▶ _BRIEF_
Nothing but the lines below from the one with "This bingo card" through the one with "A weeping spruce" should be output, each exactly as given, and no pictures.

▶ _DATA SHOWN_
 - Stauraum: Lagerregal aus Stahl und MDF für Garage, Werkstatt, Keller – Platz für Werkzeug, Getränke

==

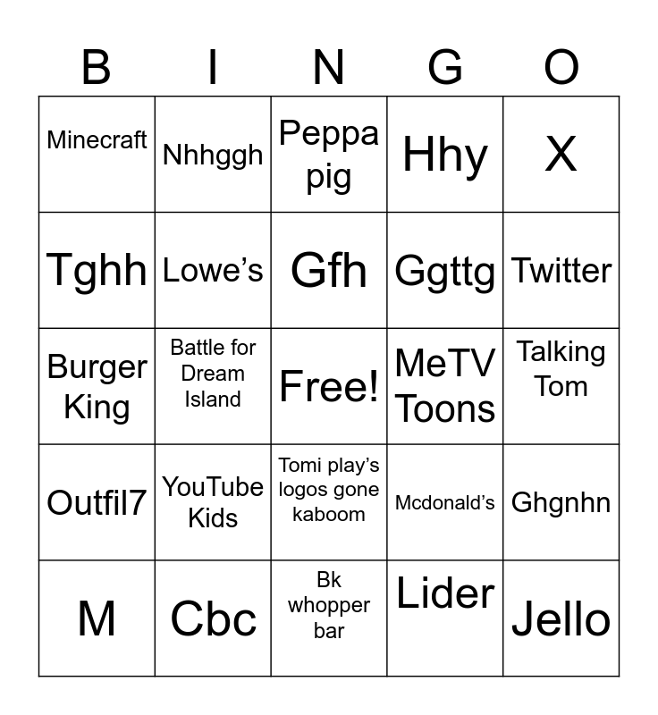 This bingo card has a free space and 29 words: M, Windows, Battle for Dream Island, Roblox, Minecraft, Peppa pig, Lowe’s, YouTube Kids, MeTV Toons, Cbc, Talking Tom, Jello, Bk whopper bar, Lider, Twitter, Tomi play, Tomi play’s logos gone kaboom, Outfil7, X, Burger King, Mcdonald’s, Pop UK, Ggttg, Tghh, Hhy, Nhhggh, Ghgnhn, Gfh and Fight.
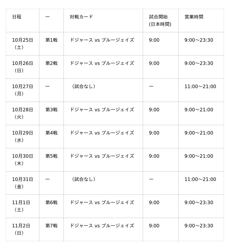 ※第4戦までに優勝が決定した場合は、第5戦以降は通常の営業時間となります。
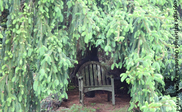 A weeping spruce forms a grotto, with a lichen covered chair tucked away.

...

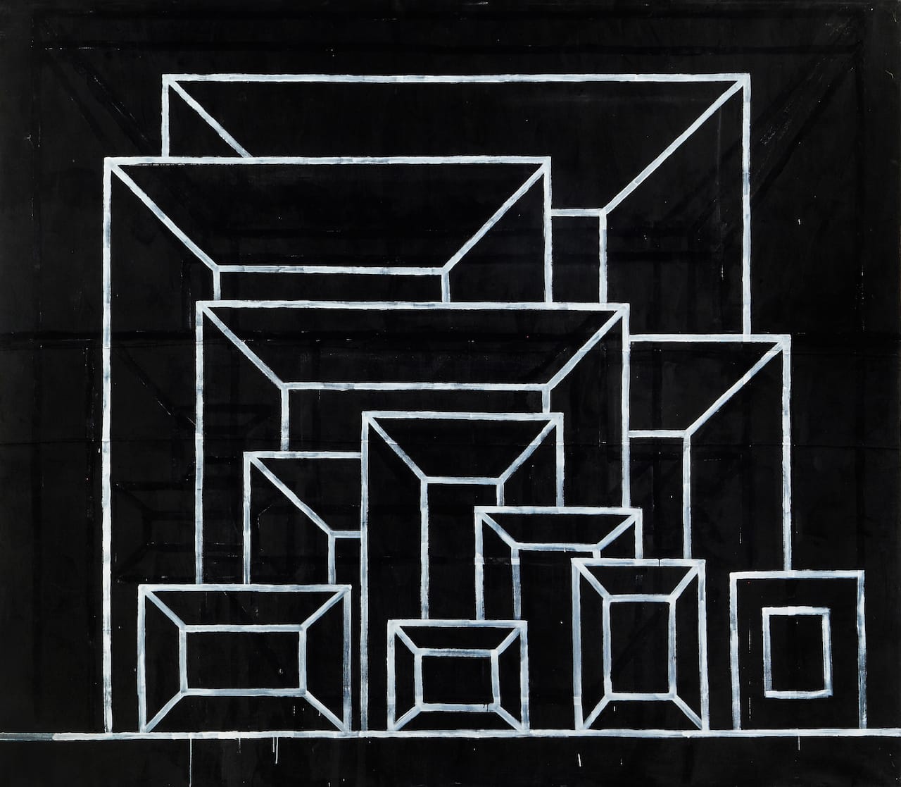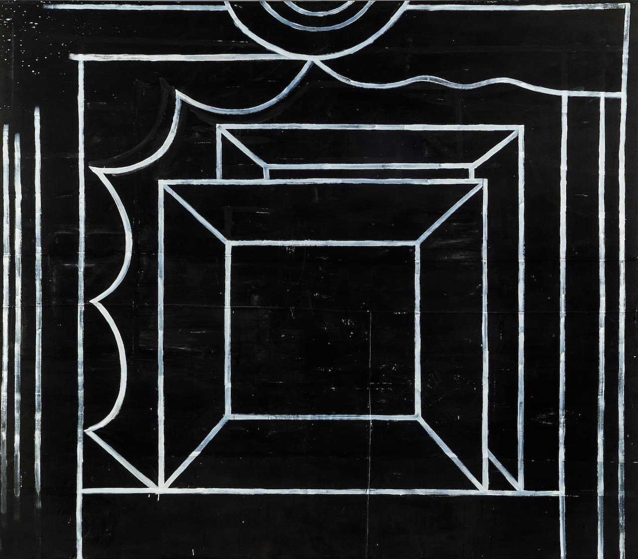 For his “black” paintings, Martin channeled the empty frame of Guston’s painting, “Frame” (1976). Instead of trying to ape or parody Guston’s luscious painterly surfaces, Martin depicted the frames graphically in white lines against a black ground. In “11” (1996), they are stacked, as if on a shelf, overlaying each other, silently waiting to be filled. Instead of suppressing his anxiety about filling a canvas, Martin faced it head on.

▶ _EXERCISE RESULT_
 This bingo card has a free space and 29 words: M, Windows, Battle for Dream Island, Roblox, Minecraft, Peppa pig, Lowe’s, YouTube Kids, MeTV Toons, Cbc, Talking Tom, Jello, Bk whopper bar, Lider, Twitter, Tomi play, Tomi play’s logos gone kaboom, Outfil7, X, Burger King, Mcdonald’s, Pop UK, Ggttg, Tghh, Hhy, Nhhggh, Ghgnhn, Gfh and Fight.
 ※第4戦までに優勝が決定した場合は、第5戦以降は通常の営業時間となります。
 A weeping spruce forms a grotto, with a lichen covered chair tucked away.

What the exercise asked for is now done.